A criança em seu mundo
Crédito da foto: Karen González Opas / OMS Colômbia
"A vida educa. Mas a vida que educa não é uma questão de palavras e sim de ação. É atividade!" (Johann Heirich Pestalozzi)
A Paralisia Cerebral Infantil (PCI) é bastante comum. Nada a ver com a poliomielite. Costuma aparecer como sequela de anóxia (falta de oxigênio) cerebral durante a gestação, parto e doenças do encéfalo. Certamente você conhece um ou mais portadores dessa patologia: crianças com subdesenvolvimento do sistema neuro-motor, nos mais variados graus.
Nos casos mais leves, a inteligência é normal; apenas incoordenação motora os torna desajeitados. Nos casos extremos, nenhuma habilidade. Dependem totalmente de cuidados, como vegetais com alma.
Um dos problemas da criança pobre é viver em ambiente pobre de estímulos sensoriais. Menino, 7 anos, foi internado com diagnóstico de PCI. Não falava nem parecia ouvir ou enxergar. Não se movimentava. Além da imobilidade, apresentava grave defeito na coluna, dobrada em ângulo acentuado. A triagem não teve dúvidas em interná-lo entre os graves.
A equipe multiprofissional (medicina, enfermagem, fisioterapia, assistência social) observou algo diferente naquela PCI. Discutiram o caso e optaram por um programa de estimulação intensa. Ao fim de alguns meses, respondendo à estimulação, o menino começou a movimentar-se, falar, ouvir, estabelecer contacto com o ambiente.
Assistentes sociais ajudaram a esclarecer a gênese. Mãe solteira, favelada, muito cedo foi obrigada a deixá-lo no barraco, sob cuidados da avó. Saía antes de o sol nascer e voltava sol posto, extenuada, do trabalho de faxineira. Por berço, caixote de querosene. A avó mantinha-o limpo, seco, alimentado com mamadeira.

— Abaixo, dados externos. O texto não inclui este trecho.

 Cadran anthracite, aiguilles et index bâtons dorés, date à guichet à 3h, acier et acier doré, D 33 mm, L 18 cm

De extrema ignorância, não falava com a criança, nem a tirava do improvisado berço. A mãe, por sua vez, cansada, pouco lidava com ele. O menino foi crescendo; logo, ficou maior que o caixote. Daí a deformidade.
Da falta de estímulos, aparente paralisia cerebral. A morte da avó cuidadora gerou necessidade da internação. O programa de estimulação trouxe aquela criança à idade mental quase equivalente à cronológica. Chegou a ser alfabetizada. Para a deformidade óssea não houve solução.

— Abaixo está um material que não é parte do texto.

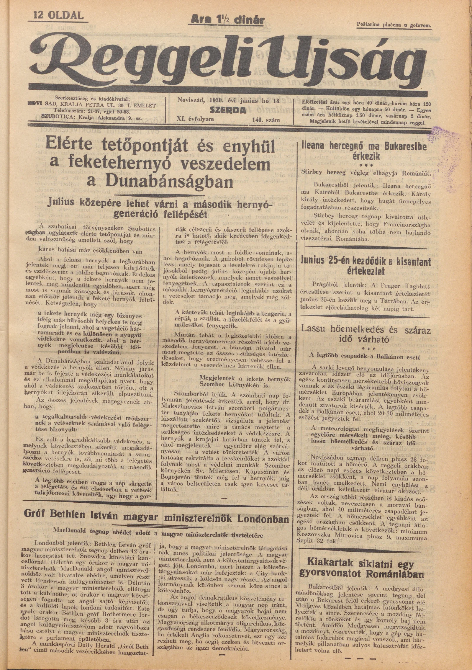 Reggeli Újság, 11. évf. 1930. június 18. 140. sz.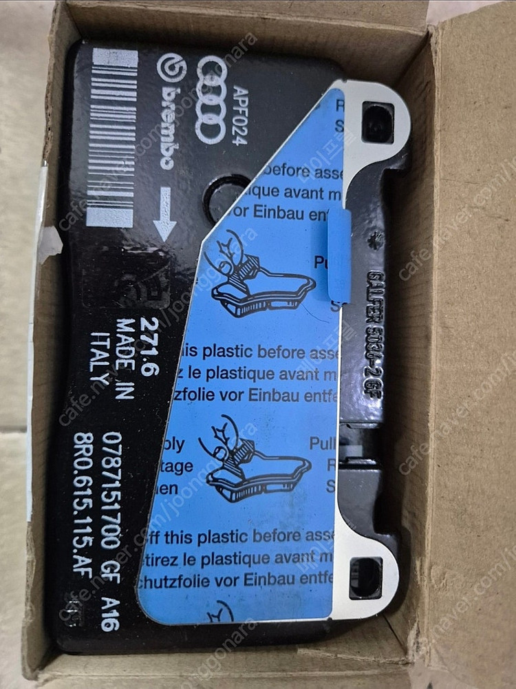 📢 제목에 "제조사/ 브랜드 명"과 "차종(ex. 아반떼 CN7)”를 넣어 작성하면, 보다 빠른 판매가 가능합니다! 📢 게시글 작성 시 배송 방법에 “직거래”와 “내 위치” 설정할 경우, 보다 빠른 판매가 가능합니다! 폭스바겐, 아우디 차량용 브렘보 브레이크 패드 새상품입니다 모델 번호: 8R0615115AF 박스 포함 아우디 프론트 브레이크 패드와 센서 팝니다. 센터 가격은 프론트 브레이크 27만원 & 센서 6만 2천원입니다. 이건 아주 예전 가격이니 지금은 아마 더 올랐을 거에요. ^^ 거래는 택배거래 직거래 둘 다 가능하구요, 직거래는 목동에서 가능해요. 택배거래는 제가 배송비 부담하고요. 전화 문자 주세요. 새벽 한 시까지는 괜찮아요~ ^ ^ 공일공 이이구오 공오공이 🚨회원님의 거래 게시글을 노린 중고나라 운영진 사칭 피싱 사이트를 주의하세요🚨

A velha Pediatria recomendava que bebês deveriam ser “deixados em paz”. Adultos não deveriam amolá-los com afagos, balanços, “bilus-bilus” e quejandos. Banhado, trocado e alimentado deveria ser deixado no berço para o sono tranquilo. Aos chorões, microdoses de luminal e quarto escuro; não deveriam ser atendidos em seu choro, até se renderem ao ciclo adequado de vigília-sono-vigília.
Nada mais equivocado. O bebê manuseado, estimulado, massageado, em contacto com o meio ambiente desenvolve-se mais rapidamente e melhor. Todos os cinco sentidos precisam ser usados.
Vida moderna, subespecialidades, trabalho materno, violência e outros fatores, acabaram com o pediatra de família e chamados domiciliares. Cada vez mais, o médico desconhece a família e o ambiente em que vive seu paciente.
Lembro-me de garoto, dois anos, doente de “bronquite” e atraso no falar e no andar. O médico que o assistia havia recomendado consulta a neuropediatra.
Chamado ao domicílio, na conversa com os pais, consegui decifrar a charada. O jovem casal (afogado entre estudos e empregos) revezava-se no atendimento ao primogênito, no pouco ensolarado e diminuto apartamento em que viviam.
O nenê cuidadosamente bem cuidado, limpo e alimentado não tomava sol. Passava o dia dormindo e somente saia de casa para eventuais visitas aos avós noutra cidade. Banhos de sol e vitamina D melhoraram a saúde da árvore respiratória enquanto o passeio diário e a estimulação (carregar, falar, massagear, mostrar e fazer o menino contatar o meio ambiente) resolveram seu pseudorretardo neuropsicomotor.
Crescido, hoje, honra nossa profissão com sua inteligência e dedicação aos que o procuram em sua especialidade. Tive a honra em ser por ele atendido. Atendimento profissional, científico e humano.